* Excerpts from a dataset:
________

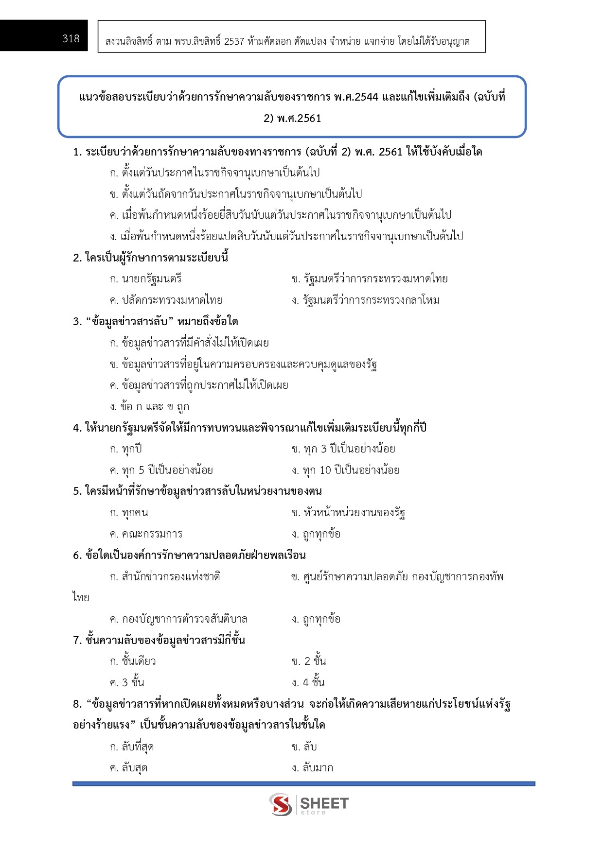 – แนวข้อสอบระเบียบว่าด้วยการรักษาความลับของราชการ พ.ศ. 2544 และที่แก้ไขเพิ่มเติมถึง (ฉบับที่ 2) พ.ศ. 2561
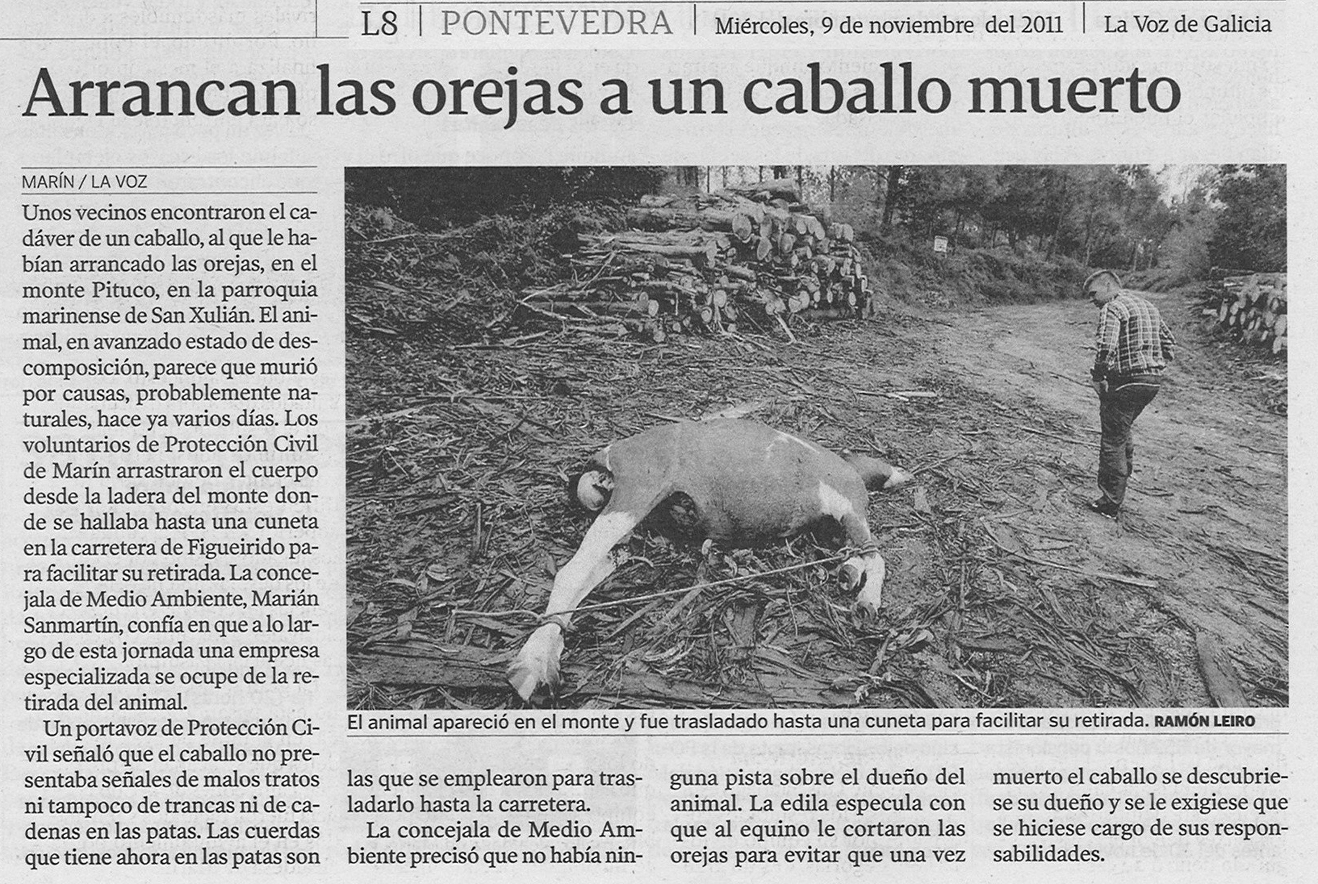 (Artigo na edición dixital do xornal: “Arrancan las orejas a un caballo muerto“).
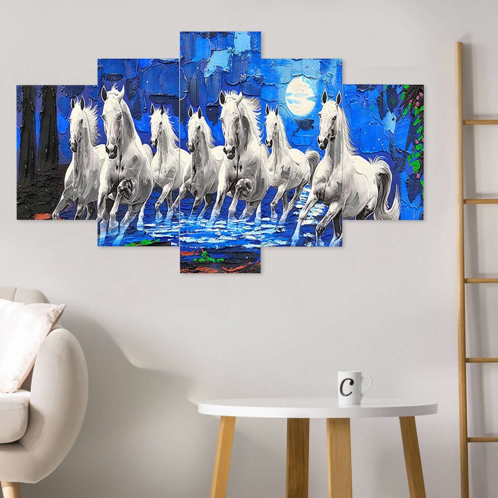 Horse Set of Five 3D Framed Paintings for Wall Decoration – Ideal for Home, Living Room, and Bedroom (75 x 43 CM)
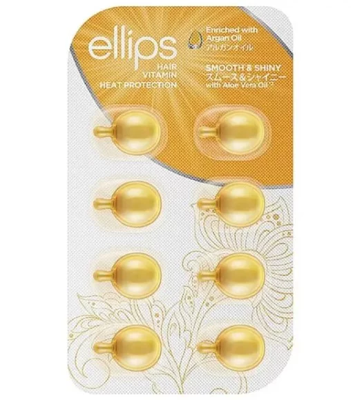 Ellips Hair Vitamin Smooth & Shiny With Aloe Vera Oil Витамины для волос "Роскошное сияние" с маслом Алоэ Вера Если вы хотите иметь здоровые волосы, которые будут радовать желаемой густотой, блеском, мягкостью и шелковистостью, следует уделять особое внимание многим факторам, одним из которых является поступление достаточного количества витаминов и микроэлементов, питательных веществ и влаги. Верный способ сделать это – наладить питание в соответствии с необходимой суточной нормой того или иного вещества. Вместе с этим, можно питать свои волосы извне, применяя витамины в капсулах от популярного бренда Ellips. Средство разработано специально для восстановления волос со временем интенсивного питания и увлажнения. Состав влияет на структуру, даря волосам удивительный блеск, делая локоны мягкими и шелковистыми. Уникальная формула, основанная на чудодейственных свойствах масла алоэ вера и комплекса витаминов, облегчает расчесывание, защищает от губительного воздействия.УФ-излучение. Средство наносится на сухие волосы, не требует смывания. Легкая консистенция обеспечивает способность быстро поглощаться. Способ применения: Отрезать кончик капсулы ножницами и нанести содержимое на чистые, влажные волосы (предварительно подсушить полотенцем). Не требует смывания. Высушить и уложить волосы обычным способом.
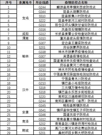 截止4月27日,全省无因疫情原因封闭的高速公路收费站与服务区。因属地疫情防控,部分收费站出口设有检查点,卫健疾控、公安交警部门对中高风险地区(外省)车辆人员进行劝返或隔离,其余车辆人员须配合进行测温登记、扫码或查验核酸检测报告,具体详情可通过“陕西交通12122”微信公众号“路况信息”栏目查询。
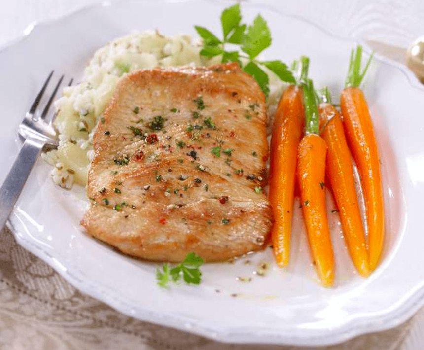 3-Fripturile se spală, se usucă prin tamponare, se condimentează cu sare și piper și se prăjesc în ulei încins aprox. 5-6 minute, pe fiecare parte. Se încinge restul de unt și zahăr și se caramelizează ușor. Se adaugă morcovii, se amestecă și se condimentează cu sare, piper și scorțișoară. Rizoto se rafinează cu smântână și se jumătate din parmezan și se condimentează cu sare, piper și anason. Fripturile de curcan, morcovii și rizoto se așază pe farfurie, se amestecă cu restul de parmezan și se servește, după gust, ornat cu restul de ierburi.
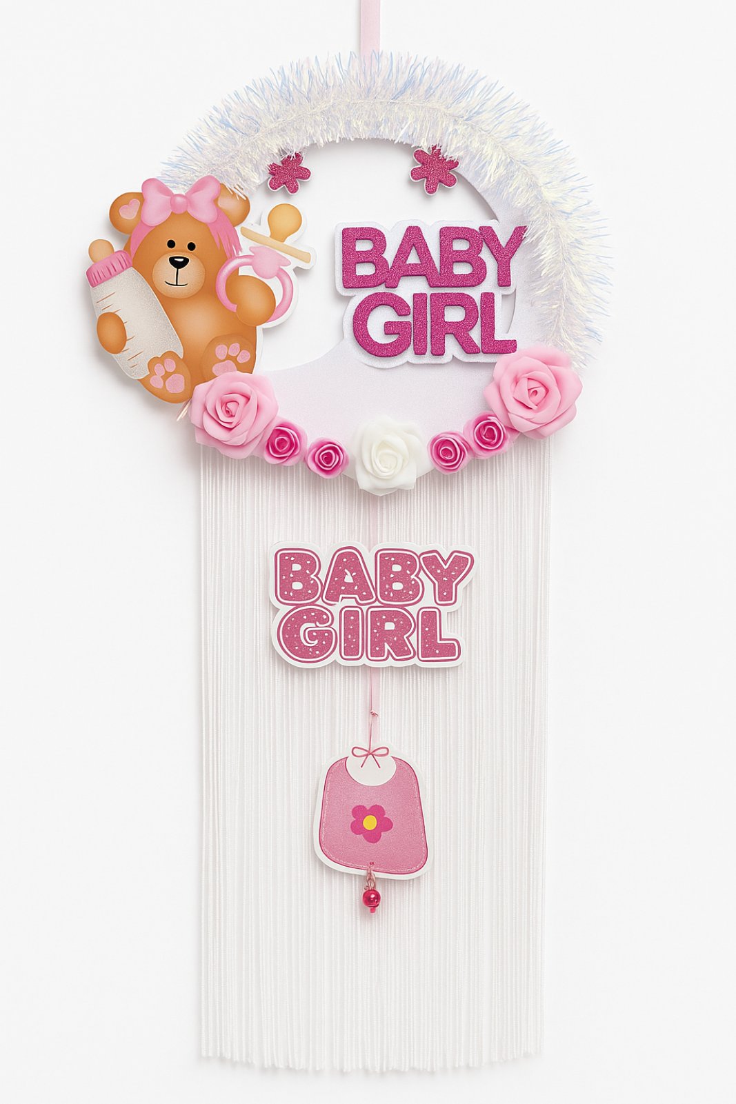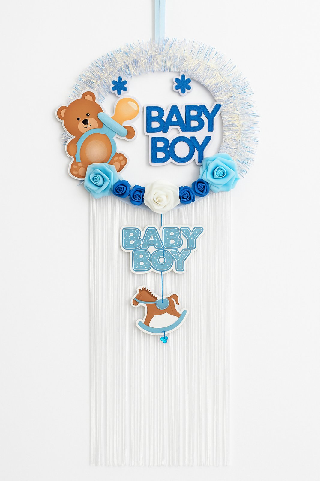 Dekor i mrekullueshëm për baby shower apo dhomë bebeje, në versionet Baby Boy dhe Baby Girl, me ari lodër, trëndafila dekorativë dhe detaje varëse elegante. Jep një ndjesi ngrohtësie, gëzimi dhe dashurie në çdo ambient.
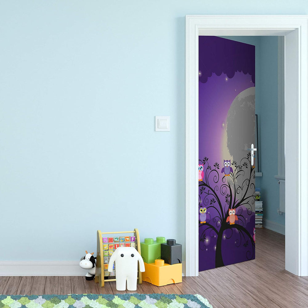wandmotiv24 Türtapete Eulen auf einem Baum 90 x 200cm (B x H) - selbstklebende Strukturtapete Sticke
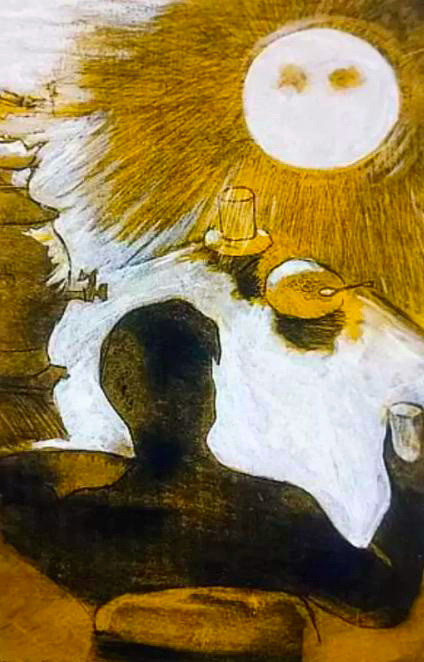 Я сразу смазал карту будня,плеснувши краску из стакана;я показал на блюде студнякосые скулы океана.На чешуе жестяной рыбыпрочёл я зовы новых губ.А выноктюрн сыгратьмогли бына флейте водосточных труб? 1913 г.
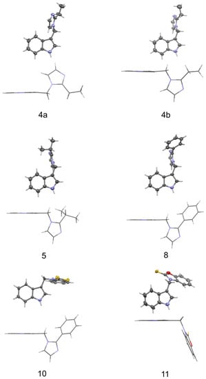 The structures of the molecules, as seen in the crystals of compounds 4 (two symmetry independent molecules), 5, 8, 10, and 11, are shown in Figure 3. The main skeleton can be described as consisting of two methylene bridged subunits, each containing aromatic rings which are inclined with respect to each other at angles varying from 66.40(4) to 84.20(3)°. One of the fragments is always a planar indole moiety, while the other is either 2-substituted imidazole (4, 5, 8) or a planar benzothiazole-2-thione (10) or benzoxazole-2-thione (11). In molecules 4, 5, and 8, the indole part forms an angle of 62.7(2), 63.6(2), 65.6(1), and 61.4(1)° with a plane containing C-C and C-N bonds to the methylene group (called the methylene plane), while the imidazole fragment is inclined to this plane at only 10.3(1), 13.2(1), 31.3(2) and 28.0(2)°.
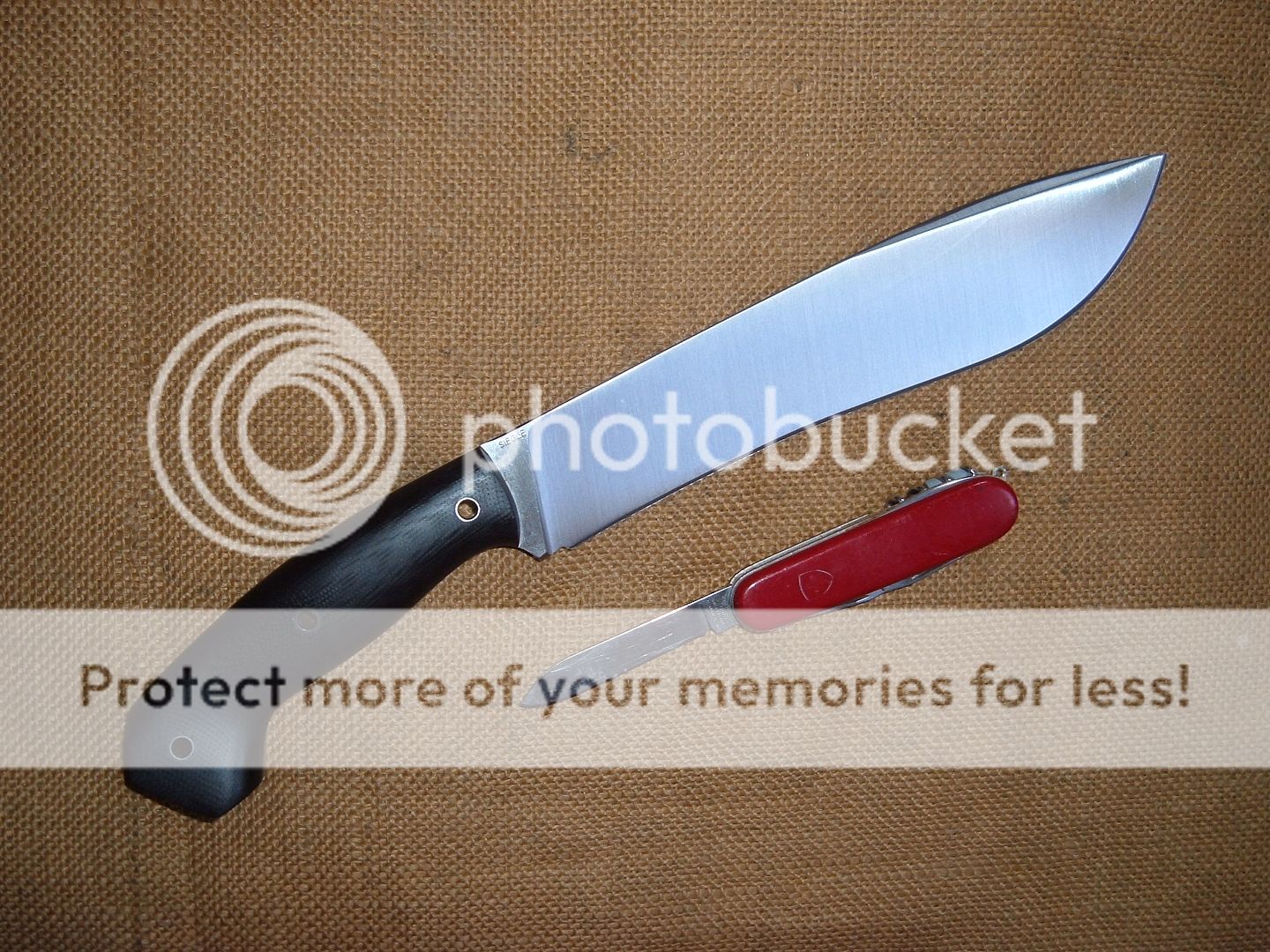 Black G10 scales over a 5160 blade with differential heat treat(hardening line won't show in my pics but it is there). Overall this is 14in long with an 8 7/8in blade tip to handle. Sheath is black Kydex with a large Tek Lok. I managed to get this one down to 17oz!!!

________

* Exercise details: Output each entry above word for word. The pictures stay out.

* Answer to the problem:
 – แนวข้อสอบระเบียบว่าด้วยการรักษาความลับของราชการ พ.ศ. 2544 และที่แก้ไขเพิ่มเติมถึง (ฉบับที่ 2) พ.ศ. 2561
 (Artigo na edición dixital do xornal: “Arrancan las orejas a un caballo muerto“).
 Horse Set of Five 3D Framed Paintings for Wall Decoration – Ideal for Home, Living Room, and Bedroom (75 x 43 CM)
 Ellips Hair Vitamin Smooth & Shiny With Aloe Vera Oil Витамины для волос "Роскошное сияние" с маслом Алоэ Вера Если вы хотите иметь здоровые волосы, которые будут радовать желаемой густотой, блеском, мягкостью и шелковистостью, следует уделять особое внимание многим факторам, одним из которых является поступление достаточного количества витаминов и микроэлементов, питательных веществ и влаги. Верный способ сделать это – наладить питание в соответствии с необходимой суточной нормой того или иного вещества. Вместе с этим, можно питать свои волосы извне, применяя витамины в капсулах от популярного бренда Ellips. Средство разработано специально для восстановления волос со временем интенсивного питания и увлажнения. Состав влияет на структуру, даря волосам удивительный блеск, делая локоны мягкими и шелковистыми. Уникальная формула, основанная на чудодейственных свойствах масла алоэ вера и комплекса витаминов, облегчает расчесывание, защищает от губительного воздействия.УФ-излучение. Средство наносится на сухие волосы, не требует смывания. Легкая консистенция обеспечивает способность быстро поглощаться. Способ применения: Отрезать кончик капсулы ножницами и нанести содержимое на чистые, влажные волосы (предварительно подсушить полотенцем). Не требует смывания. Высушить и уложить волосы обычным способом.
 截止4月27日,全省无因疫情原因封闭的高速公路收费站与服务区。因属地疫情防控,部分收费站出口设有检查点,卫健疾控、公安交警部门对中高风险地区(外省)车辆人员进行劝返或隔离,其余车辆人员须配合进行测温登记、扫码或查验核酸检测报告,具体详情可通过“陕西交通12122”微信公众号“路况信息”栏目查询。
 3-Fripturile se spală, se usucă prin tamponare, se condimentează cu sare și piper și se prăjesc în ulei încins aprox. 5-6 minute, pe fiecare parte. Se încinge restul de unt și zahăr și se caramelizează ușor. Se adaugă morcovii, se amestecă și se condimentează cu sare, piper și scorțișoară. Rizoto se rafinează cu smântână și se jumătate din parmezan și se condimentează cu sare, piper și anason. Fripturile de curcan, morcovii și rizoto se așază pe farfurie, se amestecă cu restul de parmezan și se servește, după gust, ornat cu restul de ierburi.
 Dekor i mrekullueshëm për baby shower apo dhomë bebeje, në versionet Baby Boy dhe Baby Girl, me ari lodër, trëndafila dekorativë dhe detaje varëse elegante. Jep një ndjesi ngrohtësie, gëzimi dhe dashurie në çdo ambient.
wandmotiv24 Türtapete Eulen auf einem Baum 90 x 200cm (B x H) - selbstklebende Strukturtapete Sticke
 Я сразу смазал карту будня,плеснувши краску из стакана;я показал на блюде студнякосые скулы океана.На чешуе жестяной рыбыпрочёл я зовы новых губ.А выноктюрн сыгратьмогли бына флейте водосточных труб? 1913 г.
 The structures of the molecules, as seen in the crystals of compounds 4 (two symmetry independent molecules), 5, 8, 10, and 11, are shown in Figure 3. The main skeleton can be described as consisting of two methylene bridged subunits, each containing aromatic rings which are inclined with respect to each other at angles varying from 66.40(4) to 84.20(3)°. One of the fragments is always a planar indole moiety, while the other is either 2-substituted imidazole (4, 5, 8) or a planar benzothiazole-2-thione (10) or benzoxazole-2-thione (11). In molecules 4, 5, and 8, the indole part forms an angle of 62.7(2), 63.6(2), 65.6(1), and 61.4(1)° with a plane containing C-C and C-N bonds to the methylene group (called the methylene plane), while the imidazole fragment is inclined to this plane at only 10.3(1), 13.2(1), 31.3(2) and 28.0(2)°.
 Black G10 scales over a 5160 blade with differential heat treat(hardening line won't show in my pics but it is there). Overall this is 14in long with an 8 7/8in blade tip to handle. Sheath is black Kydex with a large Tek Lok. I managed to get this one down to 17oz!!!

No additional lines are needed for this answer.